Chapter 5
Synchronization in Empress Replication
5.1 Introduction
This chapter explains Synchronization in Empress Replication.
The Client/Server architecture of synchronization is explained with the relationship between replication master server and synchronization client.
Usage of the Synchronization Utility as a client is also explained.
5.2 Replication Master Server and Synchronization Client
Replication Master Server is a kind of Empress Server that
is used for replication purposes. Replication Master Server resides in
RMT-Side and accesses RMTs.
Execution of a Replication Master Server is controlled by
Empress Server Administration Utility (empsvadm).
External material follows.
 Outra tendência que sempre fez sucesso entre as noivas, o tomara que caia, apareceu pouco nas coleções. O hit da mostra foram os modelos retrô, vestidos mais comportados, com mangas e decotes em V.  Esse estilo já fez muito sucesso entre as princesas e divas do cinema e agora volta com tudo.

A Replication Master Server needs to access and control the replication operations of any RMT that wants to participate in a replication
relation. This control is done by Replication Master Server residing in
RMT-Side and accessing that RMT.
In a Replication World, only the Replication Tables that are not RMTs, do not
need to be accessed by a Replication Master Server.
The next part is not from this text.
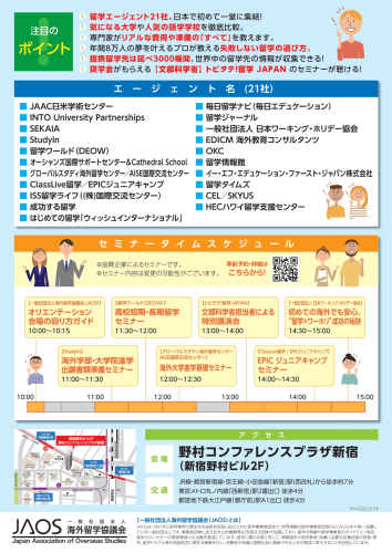 2026年3月20日(金・祝) JAOS留学フェア 2026春

A Synchronization Client is a client
for a Replication Master Server. It accesses the RRT and sends synchronization requests to a Replication Master Server.
The relation between a Replication Master Server and a Synchronization
Client are shown in [Figure: Replication Master
Server and Synchronization Client].
Figure 5-1
Replication Master Server and Synchronization Client
|
5.2.1 Connection between an RMT-Side and an RRT-Side
A Connection between an RMT-Side and an RRT-Side is a Network
Connection between :
- A Synchronization Client residing at
RRT-Side, and
- A Replication Master Server residing at RMT-Side.
In order to establish this connection, the following conditions must satisfy:
- In RMT-Side, a Replication Master Server must be started. and must be
accessing the RMT.
- Synchronization Client must be configured to access the Replication Master
Server on the RMT-Side.
- User of the Replicate Table shall be authorized to access Replication
Master Server residing at RMT-Side. This is an authorization given by the
Administrator of the Replication Master Server to control the access of
Synchronization Clients to this Replication Master Server. This control might
require Synchronization Clients to identify themselves by sending their login
name and password.
(See [User Authorization])
- A network connection between Synchronization Utility and
Replication Master Server must be existent.
- Synchronization Client must have privilege to access RRT
5.2.2 Setting up a Replication Master Server
Setting up a Replication Master Server is done as follows:
-
Setting required environment variables (optional)
-
These environment variables are to be used by Empress Server Administration
Utility.
Generally four environment variables MSUSERAUTHCONFIGFILE,
MSNETSERVERCONFIGFILE, MSNETTYPECONFIGFILE and
MSCONFIGFILEPATH should be set, before starting a Replication
Master Server. The default values of these environment variables are given
in $EMPRESSPATH/config/initfile. These environment variables are explained
in [Configuring Empress Server and
its Clients].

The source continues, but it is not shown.